The “Wait ’til Mom & Dad are Gone” Syndrome. Many call centers coach each agent religiously once a week. That’s fine from a feedback point-of-view. But like kids who wait until they see their parents pull out of the driveway to start the party, agents often know that they only have to watch their service until they’ve been coached for the week. After that, all bets are off. Sometimes a seemingly random coaching schedule that keeps agents guessing is a good thing.

It might depend on the agent. In our politically correct world we are conditioned to do the same thing for everybody. Yet, some agents need little feedback or coaching. Score the calls, make sure they’re still stellar, and then let them know their scores and give them their bonus.

Why waste time, energy and money coaching them? That’s like the guy who washes his car everyday whether it needs it or not (then parks it diagonally across two spots in the parking lot…I hate that guy!). Seriously, the number of coaching sessions is a separate issue from how many calls should you score to have a valid sample. Spend your coaching energy on agents who need it the most.
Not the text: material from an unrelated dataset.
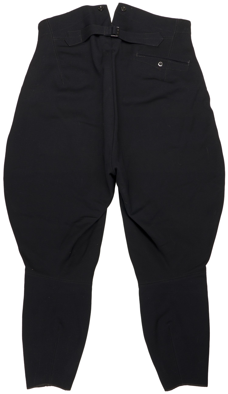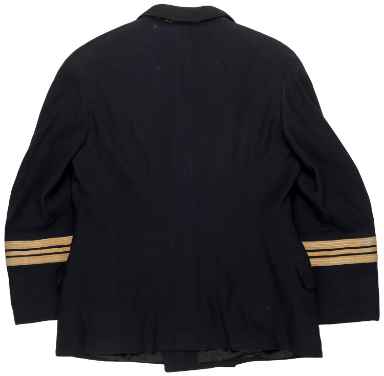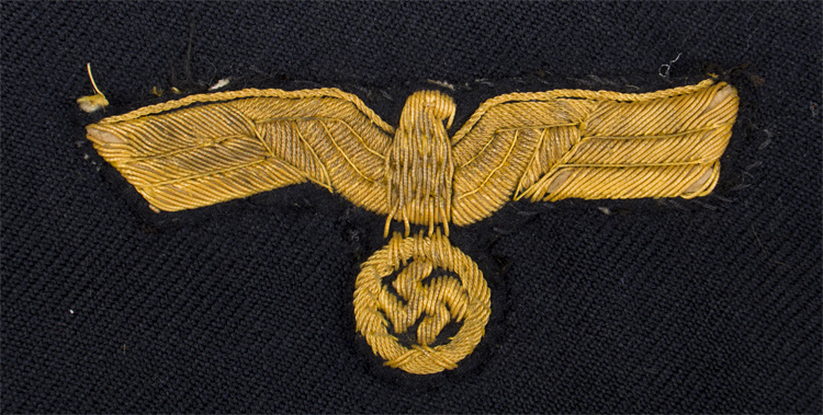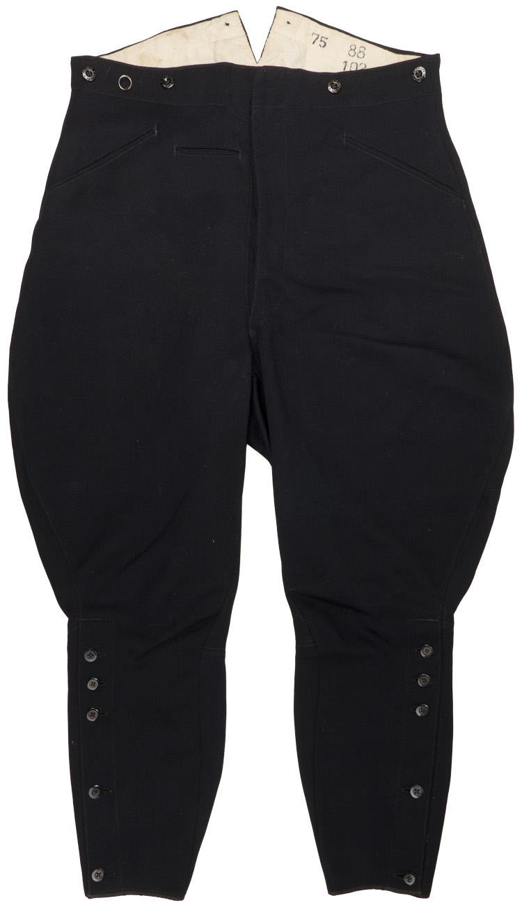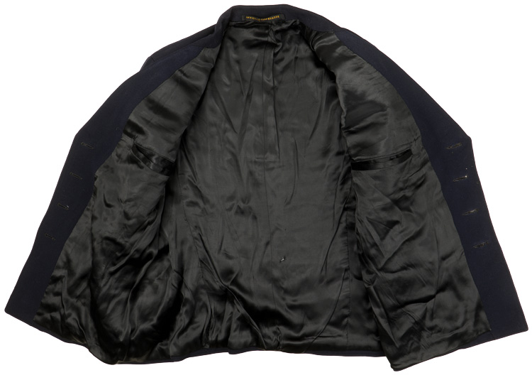 PHYSICAL DESCRIPTION: Nice quality, navy blue wool, double breasted jacket with fine whipcord weave. Opened neck jacket features fold back up-swept peak lapels and two parallel rows of five fire gilted, fouled anchor buttons with corresponding button holes to either side of front closure. Jacket also has an additional fire gilted fouled anchor button under each fold back lapel. Left breast has a slightly diagonally angled slash pocket. Original award loops for two badges and a ribbon bar. Right breast with hand embroidered national eagle in bright golden yellow celleon threads with tan accent threads. Eagle is mounted on a cut-out navy blue wool base which is neatly handstitched to jacket. Jacket has two horizontal slash hip pockets with straight edged flaps. Lower forearm of each sleeve has three horizontal, regulation patterned golden yellow celleon rank tress stripes roughly 4 1/4" above cuffs. Tress stripes consist of two 9/16" wide stripes flanking a 3/8" wide central stripe. Situated just above the rank tress stripes on each sleeve is the career insignia consisting of a hand embroidered five point star in golden yellow celleon on a circular navy blue wool base. Tress stripes and career insignia indicate a Kapitänleutnant Seeoffizier, (Officer of the Line). Tress stripes are machine stitched to sleeves and career insignia is neatly handstitched to sleeves. Interior fully lined in navy blue rayon with white striped sleeves. Lining has a horizontal slash pocket to each breast. Buttons look to be original stitching. Very nice example. Jacket roughly size 40" chest. Come with a superb pair of size 34 breeches. Nice set.

It even becomes an incentive for some agents who dread the coaching sessions: “Keep your numbers up and you don’t have to be coached as much.”

From the discussion I had with some QA managers at the LOMA conference, there were several who – in my opinion – were coaching their people more than was necessary. We’ve seen agents greatly improve performance with quarterly and even semi-annual call coaching. Still, that’s not going to be enough for other agents.

There’s the challenge for you – finding out which agent is which and tailoring your QA process to meet each agent’s needs.